Another important point is that LMs never communicate their models to other LMs. They only communicate the model ID (SDR in layer 2/3). Models might be very modality specific whereas the model ID SDR can be associated with any other arbitrary SDR in other LMs from other modalities.

For representing a continuum of similar objects one could use the evidence accumulated to determine object similarity (similar objects will have similar amounts of evidence give a sequence of observations). We implemented this approach here: https://thousandbrainsproject.readme.io/docs/evidence-as-a-similarity-measure But we are not sure if brains can actually robustly encode similarities using SDRs or if we need to come up with a different approach.

4. Do LMs share all the local evidence of each potential object instead of only object IDs when they vote? What is transmitted between LMs during voting?

Voting currently happens on object ID and pose. We could vote only on object ID but it is a lot more informative to also vote on where on the object we are and how the object is rotated. We do this since object and pose recognition are one and the same process in Monty. There is no object detection without pose detection. So when we vote each LM communicates the possible objects and poses and then, like you said, these are translated into the receiving LM’s reference frame since that LM is likely sensing a different part of the object (pose detection is not just about rotation but also location). You are right that technically we also would need to learn object ID associations. Right now we simply assume that all LMs have associated the same object ID with the same object but we don’t want to keep relying on this assumption in the future. This is something we plan to add to our implementation.

I hope this helps! Let me know if you have more questions :slight_smile:

3 Likes

Many thanks Viviane for your thorough reply (also knowing that you all already had a crazy week)!

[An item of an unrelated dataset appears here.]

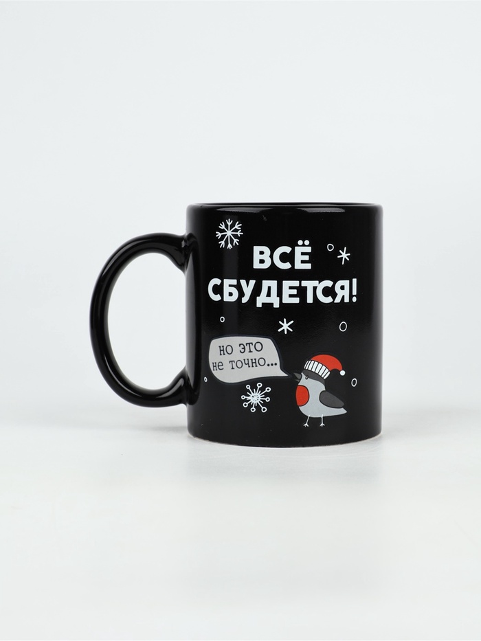 Кружка-хамелеон «Всё сбудется» — это тихое волшебство, которое не нужно объяснять. Снаружи — чёрная керамика, как зимняя ночь, и лаконичный рисунок: птичка, несколько снежинок, надпись «ВСЁ СБУДЕТСЯ». Ничего лишнего. Но стоит налить горячий напиток — и кружка *оживает*: проявляется вторая фраза, будто написанная паром, — «но это не точно…». Не насмешка. Не сомнение. А лёгкая, тёплая ирония: вера в чудо, с оговоркой взрослого человека, который всё ещё загадывает желания — но уже знает, как устроен мир.

This is very valuable information for me, I need to take some time to digest it a bit before answering, but will definitely do later.

1 Like

Thanks for the clarification, I understand your reasoning better now. It seems that motion parallax would be a good candidate to compute the depth information inside a visual LM without relying on the other LMs. I guess this capability will come later with the integration of temporal dynamics in your algorithm, but I understand that you can already use a temporary shortcut by directly feeding the depth information as a first step.

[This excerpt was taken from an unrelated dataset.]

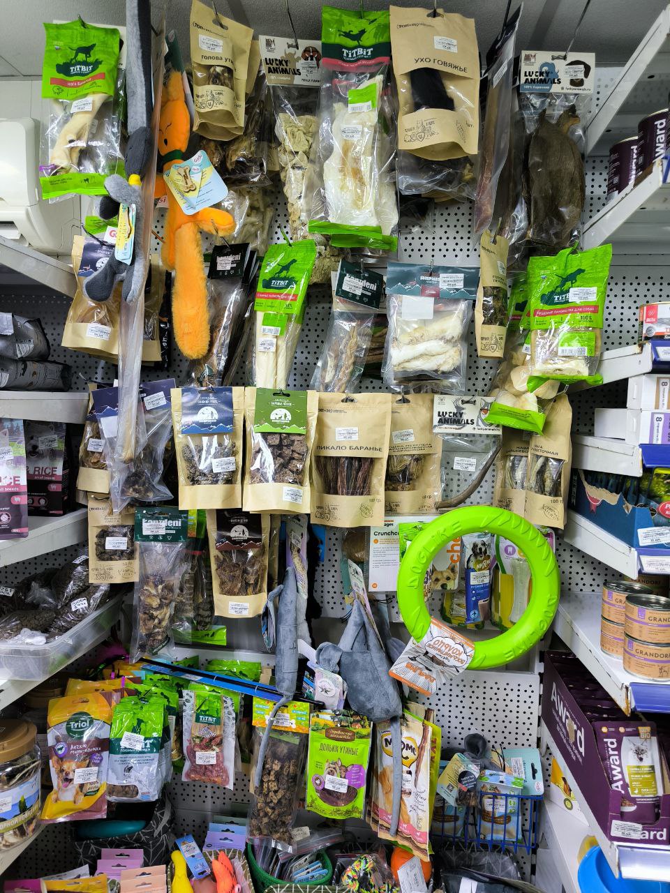Для четвероногих друзей вы найдете на полках магазина корма и лакомства на любой вкус. В ассортименте продукция таких производителей, как Royal Canin, AlphaPet, Blitz, Eravida, GRANDORF, NaturaPlan,Premier Cat, Brit, ZILLII, Деревенские лакомства, Деревня Муськино, X-CAT, Мнямс, Родные корма, AWARD, Prime Ever, SHEPHERD, TIT BIT, KANIDENI, Lucky Animals, NORD FARM, REXBURG, Snack Labs, TOP LAP, TRIOL, LUCKY DOG, PET MAFIA, ПЕППО, Пуффинкс, Секрет.

As for your speculation about where this computation happens in the brain, I would not target the extra sublayers in V1 L4 if we want to extend this capability to mice that don’t have this layer subdivision but still have many depth-selective neurons in V1 L2/3 (a recent reference that you probably already know about: A depth map of visual space in the primary visual cortex ). Said differently, the depth information could be a product of the canonical LM algorithm itself. That being said, maybe the extra sublayers in L4 can enhance this process but it would be nicer if they are not strictly required.

Personally, I feel that recognizing complex objects (like the shape of a coffee cup) in a rotation- & scale-invariant way at the level of a single LM is a strong bet. On my side, I have no clue how a cortical column could achieve this by itself (in fact, this is the main reason why I am so keen on relying on inter-LM interactions with “less capable”-LMs to recognize rotation- & scale-invariant cup-like objects). Still, I am curious to see where this path leads.

You mention some hypotheses about how it could be implemented in the brain. I currently have different speculations for the L6b modulatory feedbacks and a grid-cell-like phase coding mechanism in the neocortex:

  • Thalamo-cortical projections to L4 convey information about upcoming motor commands (either explicit like “contract a given neck muscle” or implicit when it is encoded as desired goals / expected outcomes like “turn the head 30° left”; the thalamus gets those signals from other cortical areas via their L5 PT projections, cerebellum or other subcortical motor nuclei like the superior colliculus) and also sensory stimuli for first-order thalamic nuclei. The L6 cortico-thalamic feedbacks of a cortical column dynamically adapt the gain of those motor-command-related thalamo-cortical projections in order to keep its reference frame in sync with the upcoming changes. When the reference frame is in sync with the upcoming changes (the prediction is accurate), then the thalamo-cortical activity is gated; if there is a difference, then only the delta is transmitted to the cortex.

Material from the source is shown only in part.